— Task inputs —

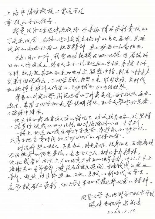 一封来自同济大学退休教师吕美安的感谢信,近日寄至上海电子信息职业技术学院消防救援与贯通学院,字里行间满是温情与敬意,不仅诉说着一段发生在上海冬日街头的暖心故事,更让丁文杰同学的善举被更多人知晓。2026年1月10日下午,在虹口区四川北路厚德路人行道上,同济大学退休教师吕美安乘坐的电动轮椅被一辆疾驰而过的外卖电动车撞倒,突如其来的意外打破了街头的平静,撞击声迅速吸引了过往路人围观,途经此处的丁文杰,第一时间留意到现场情况。
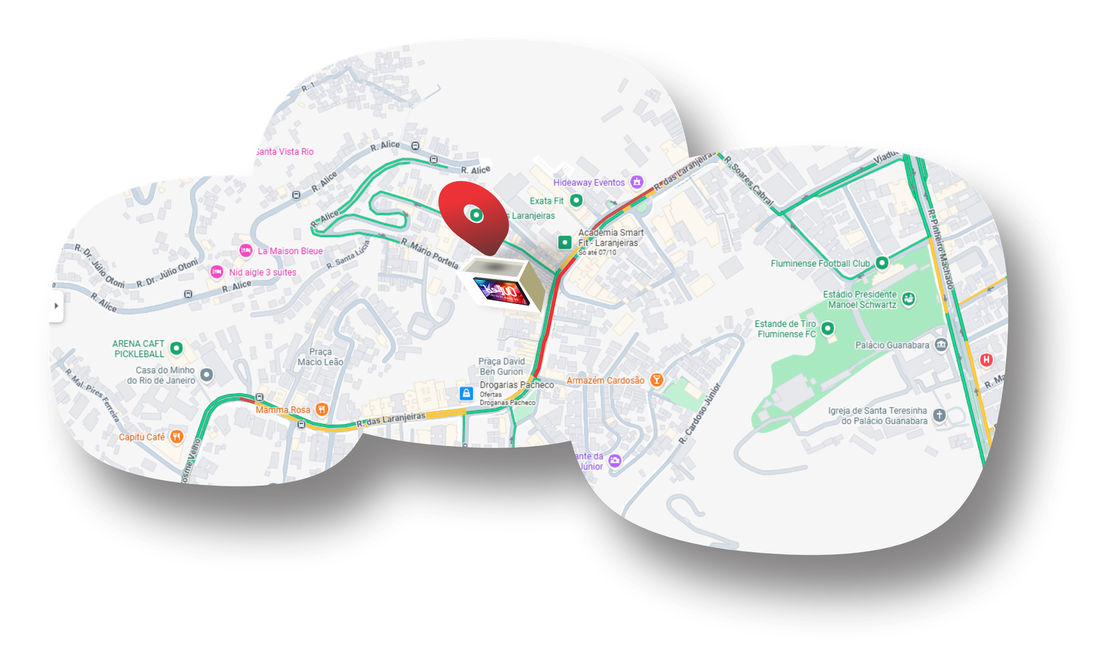 A via conecta a área ao Largo do Machado (próximo à estação de metrô) e ao Cosme Velho (acesso ao Cristo Redentor), garantindo um fluxo constante de pessoas, tanto moradores quanto turistas.
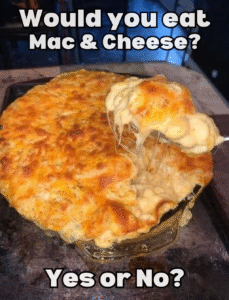 And finally, baked mac and cheese is a classic comfort food that pairs perfectly with the other two items. The cheesy goodness of mac and cheese is sure to satisfy any craving for comfort food. The dish is typically made with elbow macaroni, a creamy cheese sauce, and baked until golden brown on top.
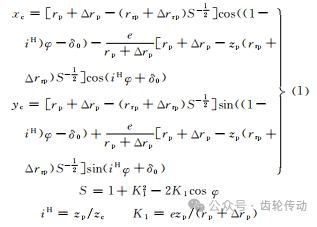 根據(jù)擺線齒輪的嚙合及成形原理,擺線齒輪有移距修形、等距修形和轉(zhuǎn)角修形三種修形方式。含有這三種修形的齒廓方程為
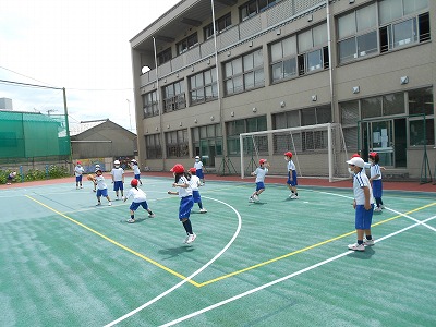 自由帳をしたり、エイゴビートの歌にチャレンジしたり、ボール投げをしたり、ドッジボールをしたりして楽しく過ごしています。
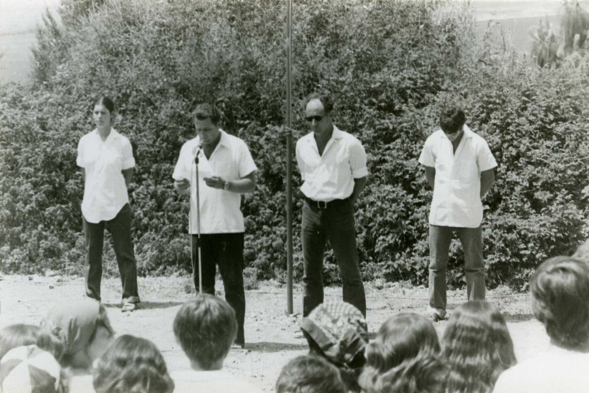 מפקד יום הזכרון בבית עלמין בית השטה. ליד המקרופון יעקב שרגא- שרגא גופר- אפרת רפאלי-1978

— Task objective —
The job here is to retype the data exactly, with no pictures included.

— Result for this task —
 一封来自同济大学退休教师吕美安的感谢信,近日寄至上海电子信息职业技术学院消防救援与贯通学院,字里行间满是温情与敬意,不仅诉说着一段发生在上海冬日街头的暖心故事,更让丁文杰同学的善举被更多人知晓。2026年1月10日下午,在虹口区四川北路厚德路人行道上,同济大学退休教师吕美安乘坐的电动轮椅被一辆疾驰而过的外卖电动车撞倒,突如其来的意外打破了街头的平静,撞击声迅速吸引了过往路人围观,途经此处的丁文杰,第一时间留意到现场情况。
 A via conecta a área ao Largo do Machado (próximo à estação de metrô) e ao Cosme Velho (acesso ao Cristo Redentor), garantindo um fluxo constante de pessoas, tanto moradores quanto turistas.
 And finally, baked mac and cheese is a classic comfort food that pairs perfectly with the other two items. The cheesy goodness of mac and cheese is sure to satisfy any craving for comfort food. The dish is typically made with elbow macaroni, a creamy cheese sauce, and baked until golden brown on top.
 根據(jù)擺線齒輪的嚙合及成形原理,擺線齒輪有移距修形、等距修形和轉(zhuǎn)角修形三種修形方式。含有這三種修形的齒廓方程為
 自由帳をしたり、エイゴビートの歌にチャレンジしたり、ボール投げをしたり、ドッジボールをしたりして楽しく過ごしています。
 מפקד יום הזכרון בבית עלמין בית השטה. ליד המקרופון יעקב שרגא- שרגא גופר- אפרת רפאלי-1978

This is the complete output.